Segment Start: Provided material
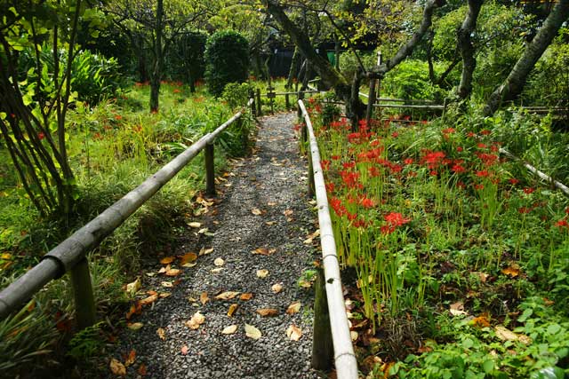 ヒガンバナもう少し。宝戒寺のハギ見ごろ。
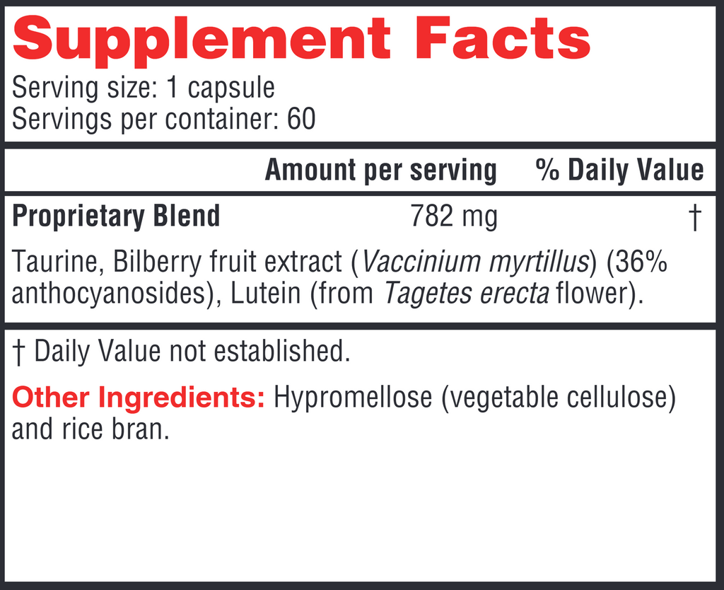 An antioxidant-rich nutraceutical formula containing taurine, bilberry, and lutein, to support healthy vision and blood circulation.
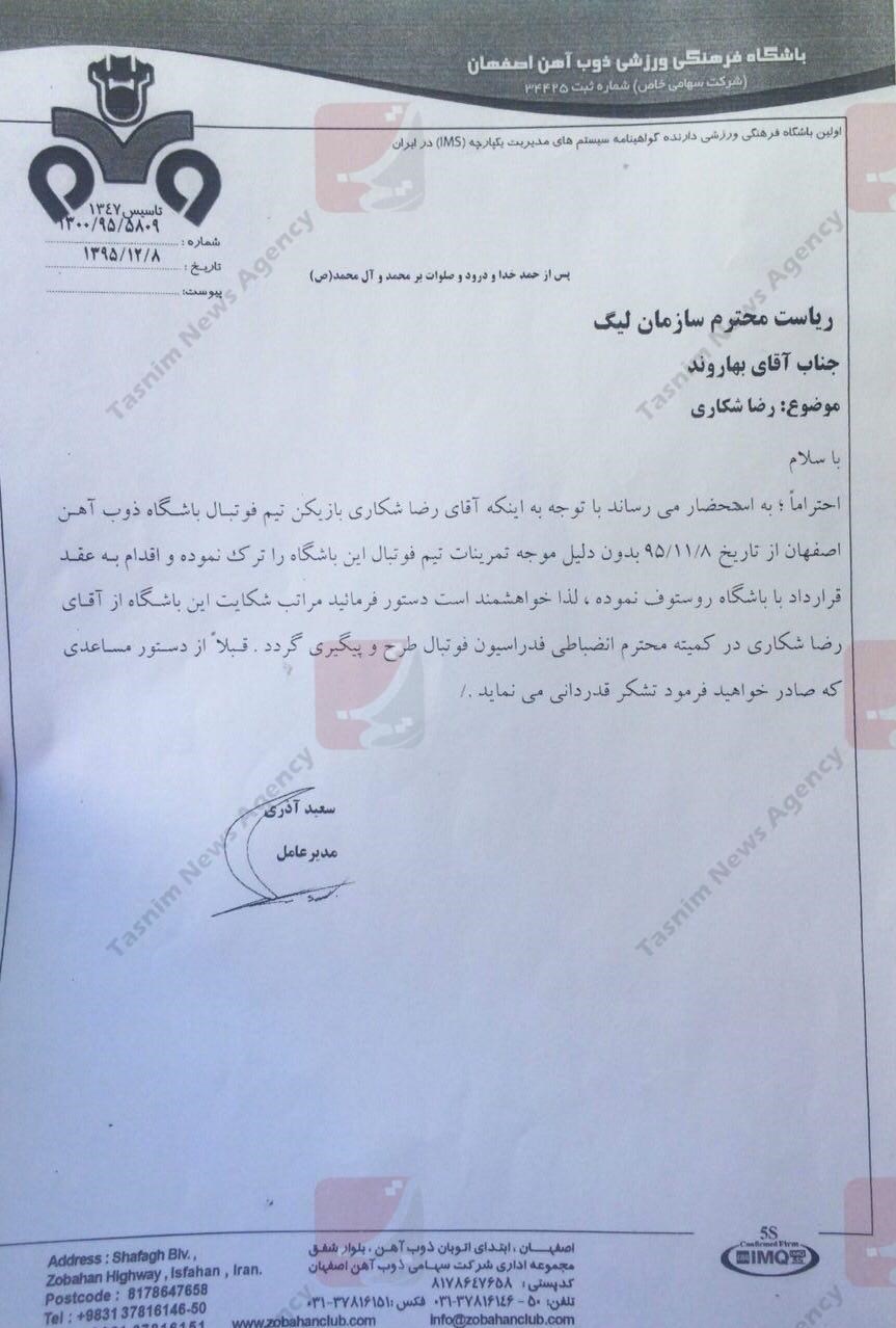 4-باشگاه ذوبآهن در همان فصل قبل و در اسفندماه 95 بابت پیوستن شکاری به روستوف به کمیته انضباطی شکایت کرد.
Segment End: Provided material
Task item: The response should restate the material above word for word and contain no pictures.

Output for this task:
 ヒガンバナもう少し。宝戒寺のハギ見ごろ。
 An antioxidant-rich nutraceutical formula containing taurine, bilberry, and lutein, to support healthy vision and blood circulation.
 4-باشگاه ذوبآهن در همان فصل قبل و در اسفندماه 95 بابت پیوستن شکاری به روستوف به کمیته انضباطی شکایت کرد.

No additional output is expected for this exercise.